_What this task involves_. Pictures are to be left out, and only the lines below starting at the one with "Rapidline Corner Workstation" and ending at the one with "Рис. 6. Плашки: а" are to be reproduced, each exactly, both ends included.

Stored data entries:
______________________________

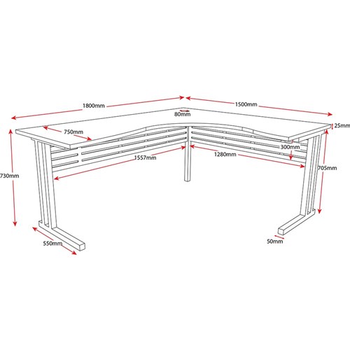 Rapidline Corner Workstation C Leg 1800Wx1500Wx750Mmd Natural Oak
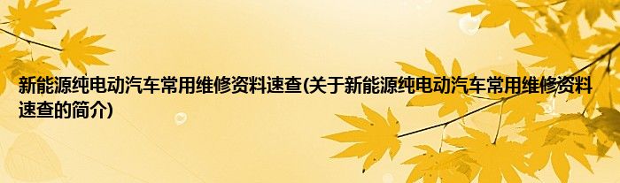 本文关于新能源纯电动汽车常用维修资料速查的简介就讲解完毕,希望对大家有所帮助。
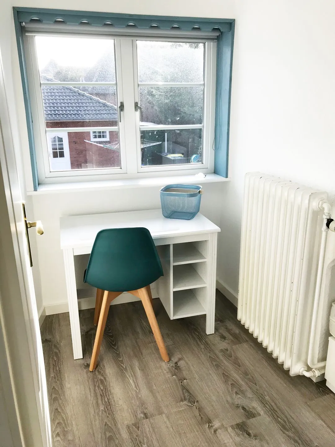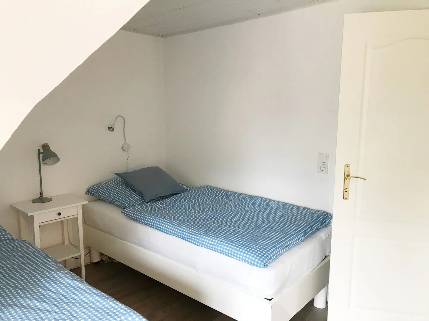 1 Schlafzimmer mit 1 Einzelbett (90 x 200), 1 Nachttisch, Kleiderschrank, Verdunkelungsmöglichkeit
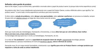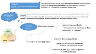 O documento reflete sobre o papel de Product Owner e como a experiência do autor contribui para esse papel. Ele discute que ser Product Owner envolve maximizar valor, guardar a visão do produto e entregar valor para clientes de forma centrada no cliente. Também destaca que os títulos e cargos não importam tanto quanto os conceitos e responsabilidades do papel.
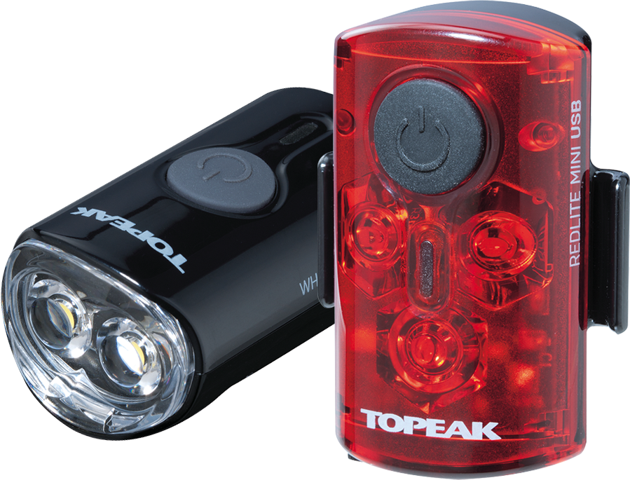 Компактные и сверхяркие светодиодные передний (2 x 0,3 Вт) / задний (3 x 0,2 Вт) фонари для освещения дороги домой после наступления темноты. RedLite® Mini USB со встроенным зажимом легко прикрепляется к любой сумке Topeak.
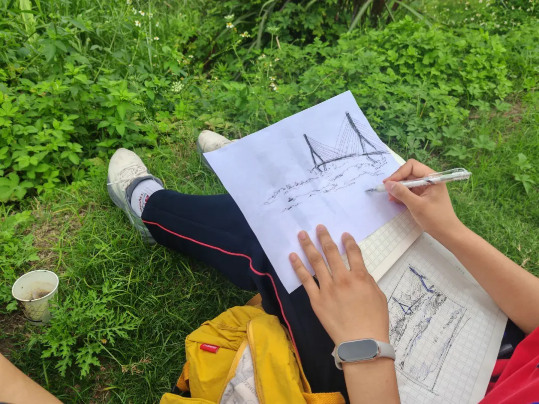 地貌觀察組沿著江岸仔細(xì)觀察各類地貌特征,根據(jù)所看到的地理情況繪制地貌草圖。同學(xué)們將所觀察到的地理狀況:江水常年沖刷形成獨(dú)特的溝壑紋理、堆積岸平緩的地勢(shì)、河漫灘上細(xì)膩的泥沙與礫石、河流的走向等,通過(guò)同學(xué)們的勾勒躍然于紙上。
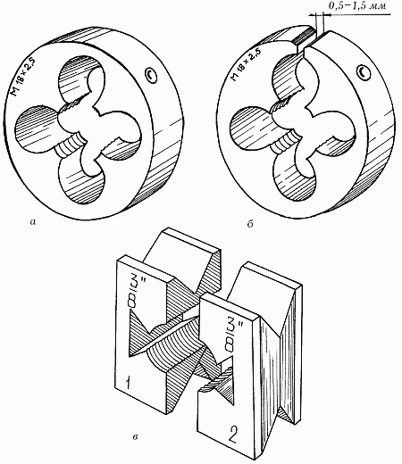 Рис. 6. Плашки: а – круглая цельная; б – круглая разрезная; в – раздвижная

______________________________

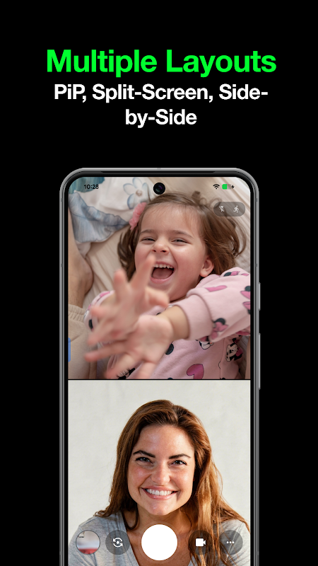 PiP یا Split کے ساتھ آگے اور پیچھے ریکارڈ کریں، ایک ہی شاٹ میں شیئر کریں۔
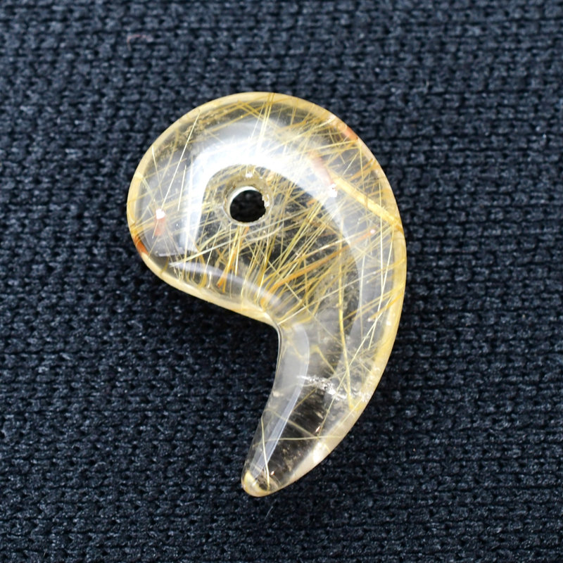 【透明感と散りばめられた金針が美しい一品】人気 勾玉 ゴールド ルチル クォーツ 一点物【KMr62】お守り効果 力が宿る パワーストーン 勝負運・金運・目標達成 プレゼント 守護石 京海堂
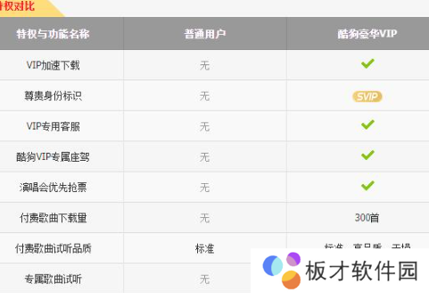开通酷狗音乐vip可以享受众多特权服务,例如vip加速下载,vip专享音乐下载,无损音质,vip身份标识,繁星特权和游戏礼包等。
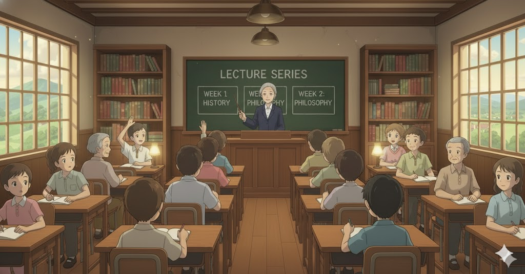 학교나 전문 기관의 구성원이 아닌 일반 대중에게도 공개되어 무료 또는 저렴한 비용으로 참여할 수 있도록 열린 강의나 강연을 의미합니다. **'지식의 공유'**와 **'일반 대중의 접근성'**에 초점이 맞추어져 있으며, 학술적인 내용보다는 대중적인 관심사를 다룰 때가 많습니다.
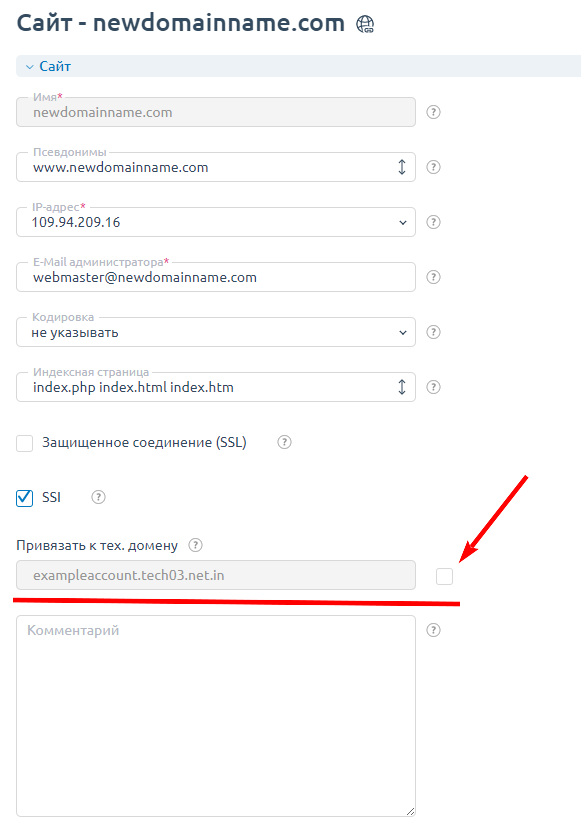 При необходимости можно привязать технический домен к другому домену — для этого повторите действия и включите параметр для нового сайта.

______________________________

_Result of this exercise_.
 Rapidline Corner Workstation C Leg 1800Wx1500Wx750Mmd Natural Oak
 本文关于新能源纯电动汽车常用维修资料速查的简介就讲解完毕,希望对大家有所帮助。
 1 Schlafzimmer mit 1 Einzelbett (90 x 200), 1 Nachttisch, Kleiderschrank, Verdunkelungsmöglichkeit
 O documento reflete sobre o papel de Product Owner e como a experiência do autor contribui para esse papel. Ele discute que ser Product Owner envolve maximizar valor, guardar a visão do produto e entregar valor para clientes de forma centrada no cliente. Também destaca que os títulos e cargos não importam tanto quanto os conceitos e responsabilidades do papel.
 Компактные и сверхяркие светодиодные передний (2 x 0,3 Вт) / задний (3 x 0,2 Вт) фонари для освещения дороги домой после наступления темноты. RedLite® Mini USB со встроенным зажимом легко прикрепляется к любой сумке Topeak.
 地貌觀察組沿著江岸仔細(xì)觀察各類地貌特征,根據(jù)所看到的地理情況繪制地貌草圖。同學(xué)們將所觀察到的地理狀況:江水常年沖刷形成獨(dú)特的溝壑紋理、堆積岸平緩的地勢(shì)、河漫灘上細(xì)膩的泥沙與礫石、河流的走向等,通過(guò)同學(xué)們的勾勒躍然于紙上。
 Рис. 6. Плашки: а – круглая цельная; б – круглая разрезная; в – раздвижная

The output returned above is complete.